4. Making an appointment 

Once you’ve decided on a good parlor, you need to make an appointment. Some places will take walk-ins, but for the most part it’s a good idea to call and book a time slot. This phase always gives me anxiety, even after already having a tattoo. When you make an appointment, they will make you pay a deposit so if you wimp out, you lose anywhere from $30-$70 dollars. Once you pay your deposit, the thought of actually getting a tattoo becomes much more real. 

5. Going to the parlor 

So, you’ve booked an appointment and the day has finally come. I would recommend getting there a few minutes early to make sure you have ample time to check in and the artist has time to prepare. Walking into the parlor, especially if it’s your first time, can be insanely intimidating. All the artists have head-to-toe ink and a majority of the clients I’ve seen do as well. The stereotypical blasting rock music will also do nothing to help ease your nerves as you sit in a chair waiting to be called back. 

6. Getting the tattoo 

By now your heart is probably racing and your palms might be a little sweaty, but it’s time to finally get the tattoo. Depending on where you’re getting it, you will either be sitting in a chair or lying down. The artist will tell you that at any point you can take a break if you’re feeling dizzy or nauseous, but so far I’ve been lucky and done my tattoos in one sitting. Once you’re ready, the artist will prep your skin and then you’ll hear the loud and echoing noise of the needle. Unless you know you’re a pain expert, I would highly recommend bringing a friend or sibling with you to help you through the process. My sister came with me for my second tattoo and held my hand the entire time. 

The first time the needle hits your skin, you’ll probably experience pain you’ve never felt before and probably cannot even describe (I still can’t to this day). However, after a few seconds, your body will start getting used to it. Now that’s not to say it won’t hurt at all, but you will become more accustomed to the sharp, dragging pain on your body.

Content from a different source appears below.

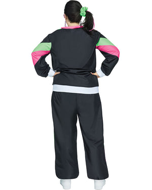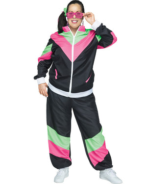You'll be rocking the trendiest tracksuit in town when you wear this 80s Black Tracksuit Plus Size Womens Costume! This costume is styled off the tracksuits popular during the 1980's and features a jacket and pants in a matching black, hot pink and neon green design. Deliciously daggy!

At this point, you can hold a hand, try and have a conservation, or even try to meditate a little to ease your mind.  Depending on the size and design of the tattoo, yours could take anywhere from 5 minutes to a couple hours. Both of mine have only taken around 10-15 minutes and the time honestly flew. Both times when the artist told me he was done I was shocked that it was over. 

7. The Aftermath 

Now that the constant stabbing is done, you can actually focus on the fact that you have a tattoo. They will let you look at your tattoo before they wrap it up and this is always my favorite part. Once the pain subsides and you look at your tattoo, a feeling of happiness and accomplishment usually follows. My last tattoo artist was such a cool guy, and he sat there listening to me explain what my design meant. 

8. Healing 

Now that you got your tattoo, you need to properly take care of it. I’m not a professional and neither are many of the authors you will read online, so listen to your artist when they describe how to take care of your tattoo for the first couple days and weeks. You might get scared when you look at your tattoo in the next couple of days and it has formed scabs over the design. This is completely normal and they will go away as long as you follow the artist’s instructions. If anything looks seriously wrong, you can call your artist or go see a doctor, because it is possible to get an infection. 

9. Post-Healing 

Now that your tattoo has finally healed, the ink will be vibrant and your design will look flawless. You can wear fun clothes that show off your new ink and it’s a great conversation starter when you meet new people. To this day, I never get tired of having people ask what the constellation on my shoulder is or what the stars on my wrist mean. Getting a tattoo may be terrifying at first, but they are definitely worth it.